Any ideas about the sense of this change and what sort of performance/fuel consumption? 
Thanks 
Patrick


----------



## ingram (May 12, 2005)

Without being an expert my opinion is that it may be better to convert your petrol engine to run on gas.

Harvey


----------



## 107088 (Sep 18, 2007)

agree.
1.9 not big enuf imho.




someone will give you the eaxct performance envelop at each individual rev, depending on atmospheric pressure and the mongolian gold harvest, therreby proving me wrong.



go for gas.


----------



## 100004 (Jul 12, 2006)

The Mongolian Harvest is a load of tosh :lol: :lol: 

Have to say, that you should be getting more than 18mpg. Take your divers boots off :lol: My Talisman, with the same engine gives me up to 27mpg on motorways and autoroutes at 55-60. It took me a while to get the engine set up, but it runs as sweet as a nut. If you get yours up to 22, I can't think that 2.5k is worth it and that buys an awful lot of petrol.

many years ago, the break even point for changing to diesel was 17k. It has to be an awful lot further than that now.

H


----------



## geraldandannie (Jun 4, 2006)

homerdog said:


> many years ago, the break even point for changing to diesel was 17k. It has to be an awful lot further than that now.

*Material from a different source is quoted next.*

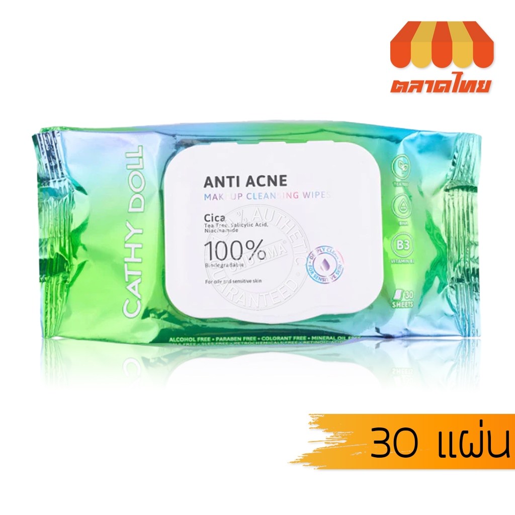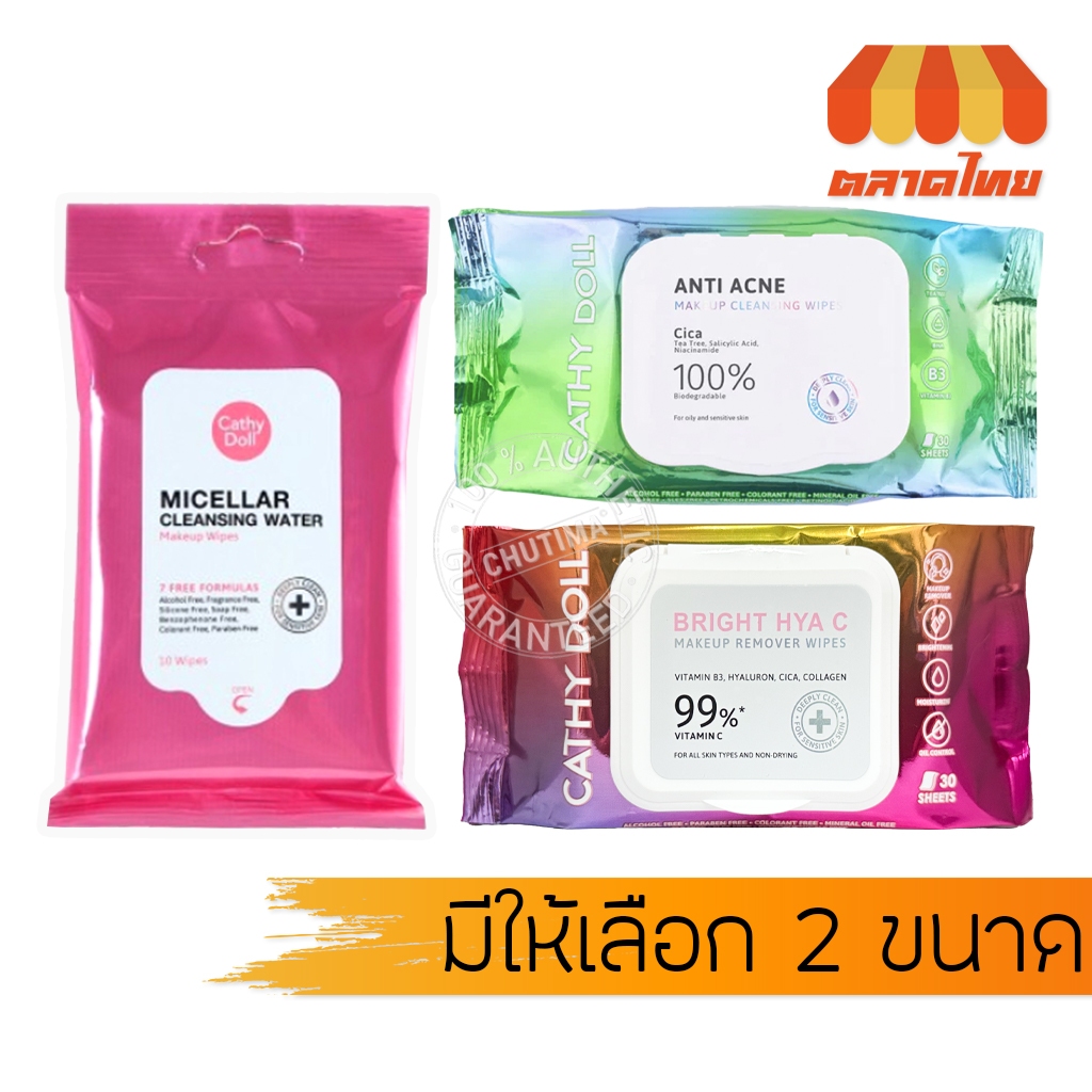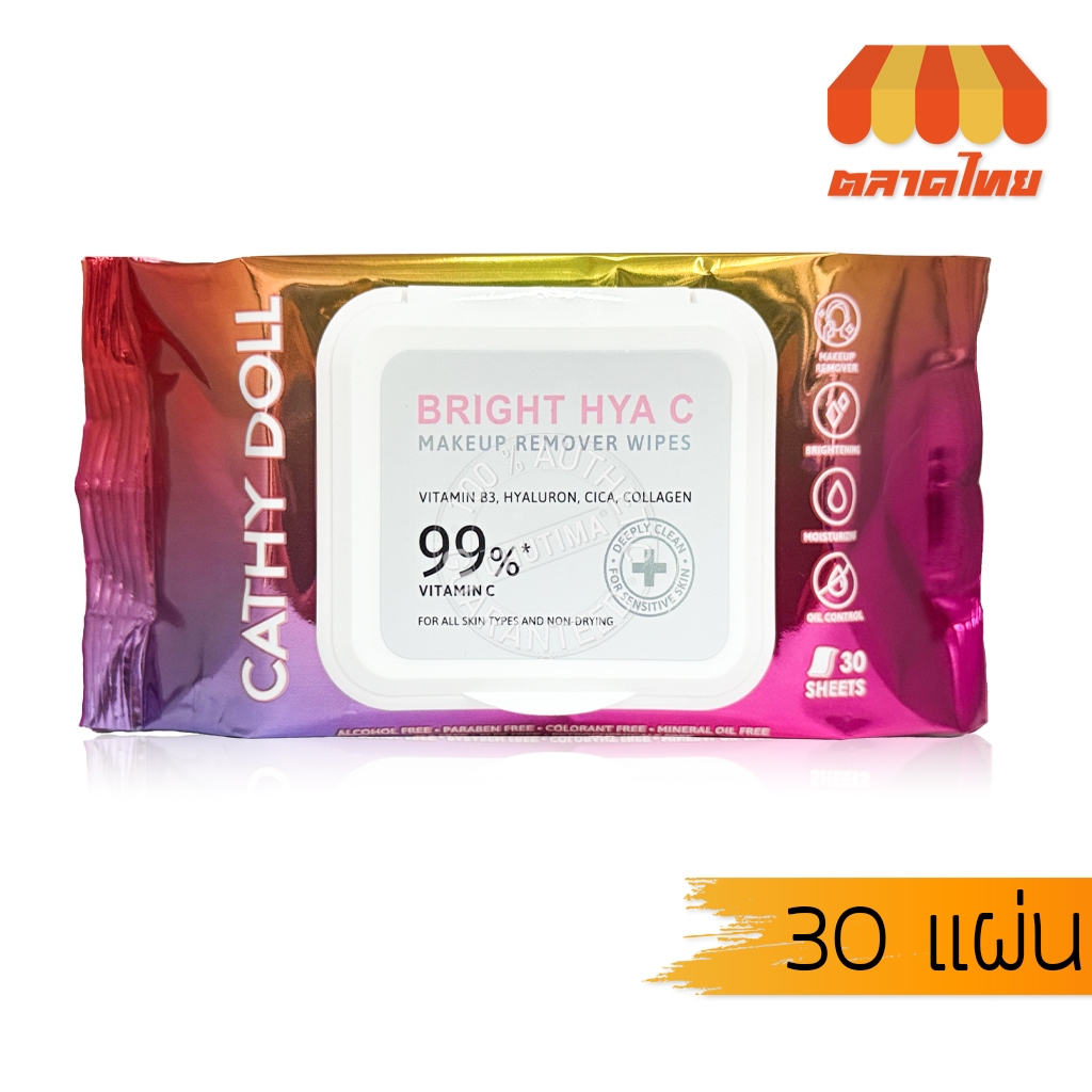 ทิชชู่เปียก แผ่นเช็ดเครื่องสําอาง เคที่ดอลล์ Cathy Doll Bright Hya C Makeup Remocer/ Cleansing Wipes 10/30 wipes

... especially considering the price of diesel these days :evil: :evil:

Gerald


----------



## 107088 (Sep 18, 2007)

yes, and of course the mongolian gold harvest, which has a bearing.....



128degrees.


----------



## 100004 (Jul 12, 2006)

bandaid said:


> yes, and of course the mongolian gold harvest, which has a bearing.....
> 
> 128degrees.


You at the bottle again :lol: :lol: H


----------



## 107088 (Sep 18, 2007)

No, what I am is almost loosing the will to live. I'm working on an Ikea commercial in studio, and I been here since 0630, and we aint gonna finish til gone 2200.

been like this for over a week, and Im



BOOOOOOORRRRRRRREEEEEEEDDDDDDD

slightly


----------



## Patrick_Phillips (Aug 17, 2006)

*but, but, but...*

Troublle is I'm right up to my weight limit and the gas tank has to weigh a few kilos and what woulld I do in Spain where they don't seem to have many filling stations for Autogas?
Yep, you are sooo right, Homerdog. Liz was driving at 70/75 most of the way from Dorset to Yorkshire when I did that calculation... We werent tugging though.


----------



## 100004 (Jul 12, 2006)

Oops! I'm not getting involved :lol: H


----------